For aging A-listers of yesteryear, New Orleans has become a currency exchange, a place where men like Nicolas Cage, John Cusack, Robert De Niro, and others can sleepwalk through a generic, straight-to-video (or all-but-straight-to-video) production and quietly cash a paycheck. And maybe hang out with Curtis “50 Cent” Jackson while they’re at it. The transactional nature of The Prince is so apparent, producers apparently barely stopped short of preceding the title with AAA, for maximum visibility at the top of the VOD rental screen. The commercialism extends from big-name stars like Jason Patric, Bruce Willis, and Cusack to the deep-discount New Orleans locales to the (mis)casting of Rain, Korean pop star and erstwhile Stephen Colbert nemesis. In other words, this isn’t a passion project for anyone involved. It’s a by-the-numbers affair that’s landing on the right side of the ledger book. It’s about mercenaries on both sides of the camera.

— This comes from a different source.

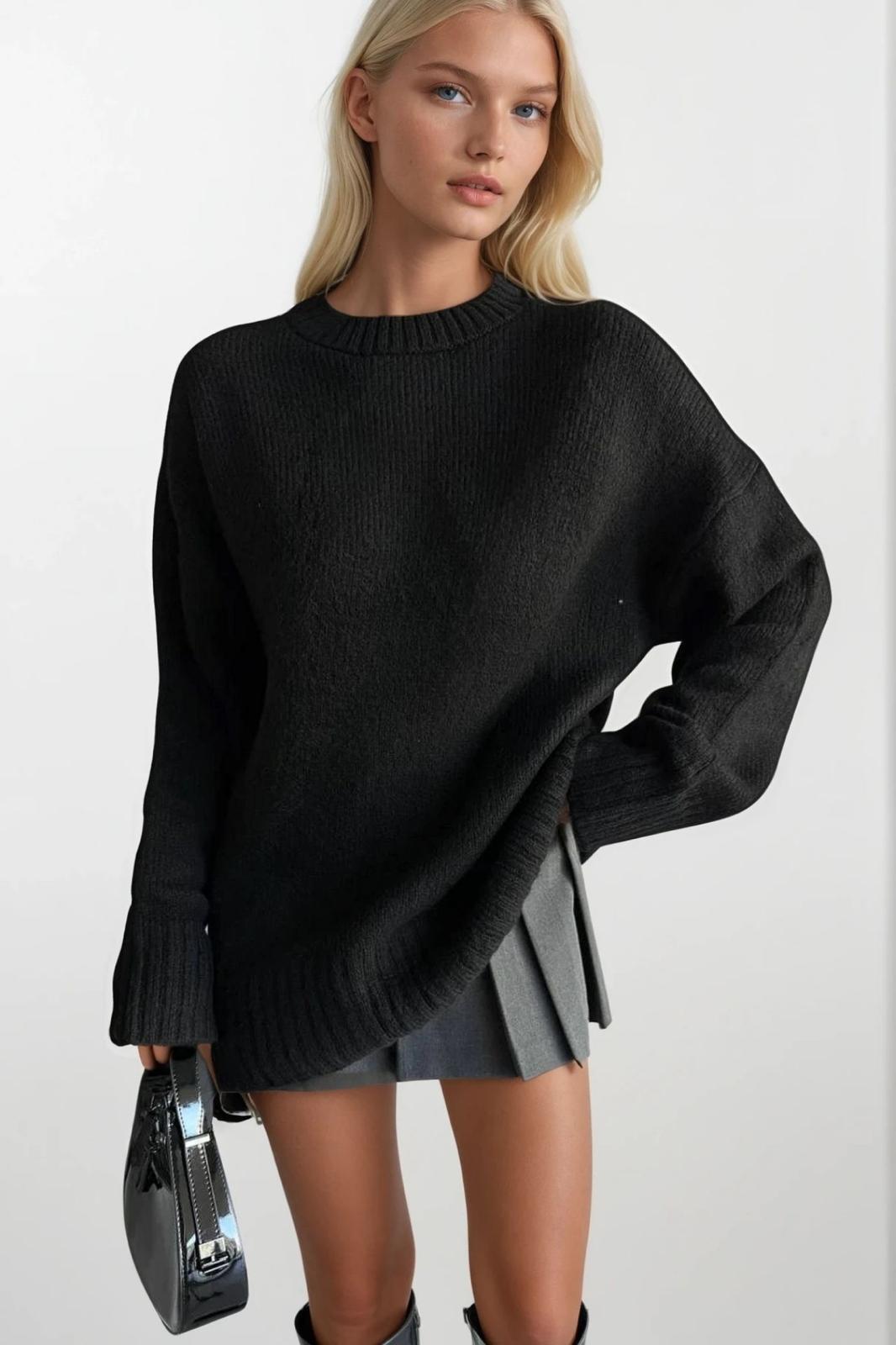 Bisiklet Yaka Basic Triko Siyah Kazak

Ripping a few pages from the Taken playbook—a popular template for the AARP action set—The Prince sends a retired assassin on the hunt for his kidnapped daughter. Jason Patric stars as Paul, a widower with a modest business as a mechanic in Nowheresville, Mississippi, where he lives alone and scrapes together enough cash to send his daughter Beth (Gia Mantegna) to college in The Big Easy. When Beth goes missing, Paul flies down to New Orleans to follow the breadcrumb trail, starting with her friend Angela (Jessica Lowndes), a party girl who claims Beth is deep into hard drugs and indebted to the ruthless dealers who supply them. But while Paul goes George C. Scott-in-Hardcore in plumbing this dangerous underworld, Omar (Willis), a notorious crime boss from his past, wants to settle a 20-year-old score.
Once Paul arrives in New Orleans, The Prince follows a predictable pattern: He goes into some bar, warehouse, or mobbed-up high rise, works through a gallery of misfiring henchmen in sunglasses, and meets some name actor playing the guy-behind-the-guys. The procedural grind of the film seems tied to the call sheets: A few days for Cusack, a few days for Willis and Rain (as Willis’ chief counsel), a day for 50 Cent, etc. Only Patric and Lowndes, as his freaked-out ride-along partner, have any substantial investment in the story, and Patric, for his part, sprinkles some method tics into the stock performance of the reformed killer haunted by his past.
Little in The Prince holds up to scrutiny. For starters, it seems odd that Paul would ever allow Beth to include schools in New Orleans on the college tour, because of out-of-state tuition and the fact that every lowlife in the city wants to murder him. More aggravating is the backstory that sets up this mano-a-mano between Paul and Omar, based on a long-ago misunderstanding that takes countless dozens of bullet-riddled bodies to clear up. All would be forgiven if director Brian A. Miller were the next John Woo, but the shootouts and car chases call to mind adjectives like “requisite” and “obligatory,” and the ready-made New Orleans ambience is nonexistent, probably for budgetary reasons. He’s a professional getting the job done like everybody else, putting together a movie designed to attract enough undiscriminating mouse-clicks to get in the black. As rationales for making movies go, this is about as uninspiring as it gets.